Мне предложили комнату в доме, специально предназначенном для поселения «одиночек», в трехкомнатной квартире, и я согласился. Одну из комнат в квартире занимал майор из финчасти, заядлый рыбак и охотник, по этой причине оставшийся служить на Севере сверх всех положенных сроков, одинокий, у которого на «материке» из всех родственников была только дочь, учившаяся в Московском университете. Вторую комнату дали мне, а третья оставалась пока что свободной. Предполагалось, что в нее со временем вселят какого-нибудь холостяка, вроде нас.
3
Однажды утром – очень хорошо помню, что это было в воскресенье, ибо я не спешил вставать, – я услышал за дверью, в прихожей, звук необычных в нашей мужской квартире шагов: простучали дамские каблучки. Кто бы это мог быть? Я встрепенулся. Неужели Рина? Нет, не могла она так без предупреждения… А вдруг? Я приподнялся, прислушиваясь. Каблучки простучали в сторону кухни, журча полилась из водопроводного крана вода. Слышно было, как женщина ходит там – неторопливый перестук каблучков раздавался отчетливо, до кухни – пять шагов. Кто-нибудь приехал к соседу? Но, кроме дочери, у него никого нет, а до студенческих каникул еще далеко.

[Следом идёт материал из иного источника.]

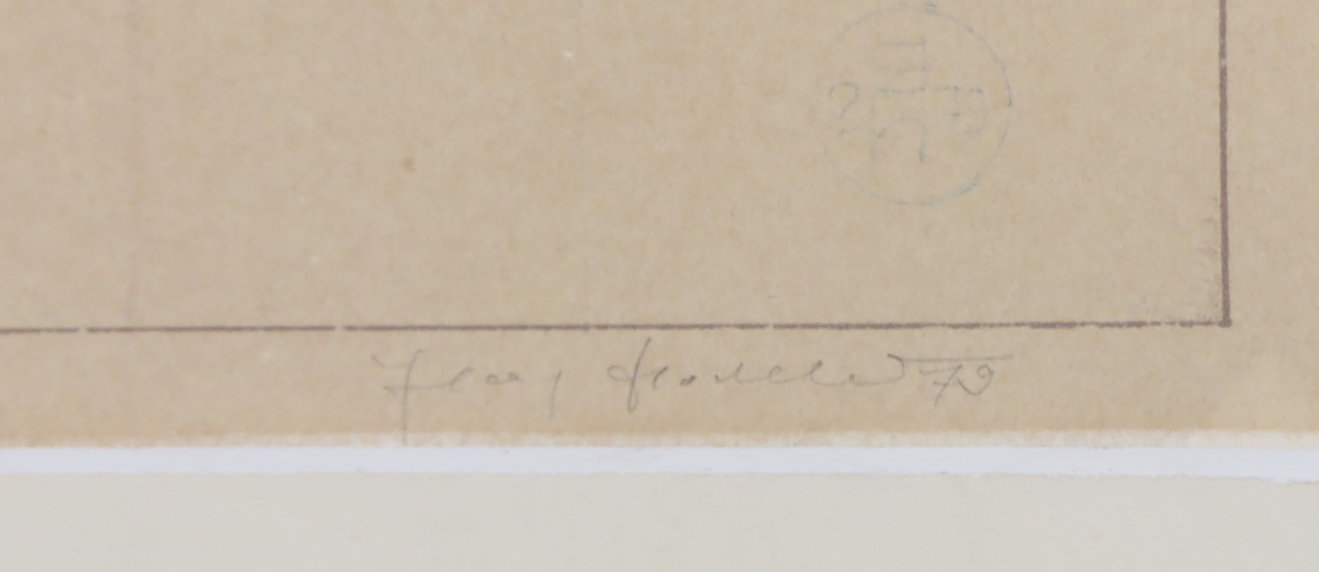 | Het werk is verkleurd en heeft wat lichte krasjes/vlekjes in het beeld. Passe-partout is verkleurd en heeft wat waterschade. | |||
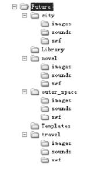 其中,Future为站点的根文件夹,在根文件夹下根据网站不同的主题可分为“未来都市”、未来旅游(travel))、未来太空(outerspace)、科幻小说(novel)等等栏目,每个栏目分别对应不同的内容。而每个主题所有文件均放在文件夹中,然后再进一步地细分文件类型
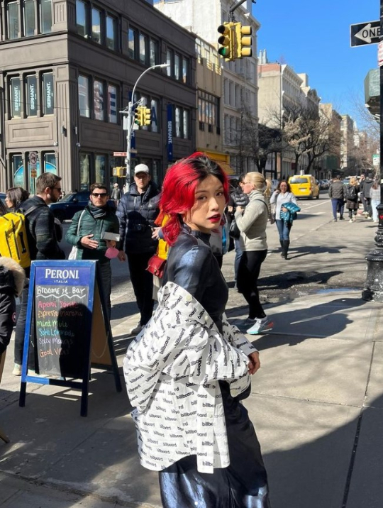 공개된 사진 속 아이키는 뉴욕의 거리에서 광택감 있는 검정 비대칭 드레스를 입고 싸이 하이 레더 부츠를 착용한 채 포즈를 취하고 있다. 카메라를 향해 자연스럽게 뒤를 돌아보는 아이키의 모습이 런웨이를 연상케 한다.
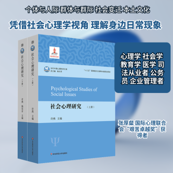 图书简介 | | 全书分为上下两部,以研究综述的方式呈现,内容丰富而全面,共有四篇:第一篇是个体与人际篇,第二篇是群体与群际篇,第三篇是社会与变迁篇,第四篇是本士与文化篇;汇集了37个研究主题,都是发生在我们身边的现象。在信息爆炸的当今,这种汇集问题的阐述方式,适应于读者快速扩展视野、理解知识、掌握方法。本书具有学术跨界交流的特点,不只服务于心理学专业的读者,也为各界人士提供社会心理思考的视野,以提升社会服务的能力。本书适用于心理学、社会学、教育学、医学、司法等专业人士,政府公务员,企业管理者,社会心理服务人员等。在这个过程中,作者们在研究和观察的过程中关切社会问题,深刻地探讨了当前大家所关心的一些主题,如基于积极发展视角考察留守儿童的心理发展、讨论社区责任感的提升、研究个体主观幸福感的增进。从中可以看出作者团队胸怀的社会使命、学科情怀与科学愿景。 |

Немного погодя, одевшись, я вышел на кухню, чтобы вскипятить себе чаю. Спиной ко мне, у стола, орудуя над чем-то кухонным ножом, стояла, чуть наклонившись, невысокая худенькая женщина в темно-зеленой вязаной жакетке, наброшенной на плечи; темные волосы, нетуго сколотые на затылке в большой узел, казалось, вот-вот рассыплются и закроют ее наклоненную шею. Что-то знакомое почудилось мне в облике этой женщины.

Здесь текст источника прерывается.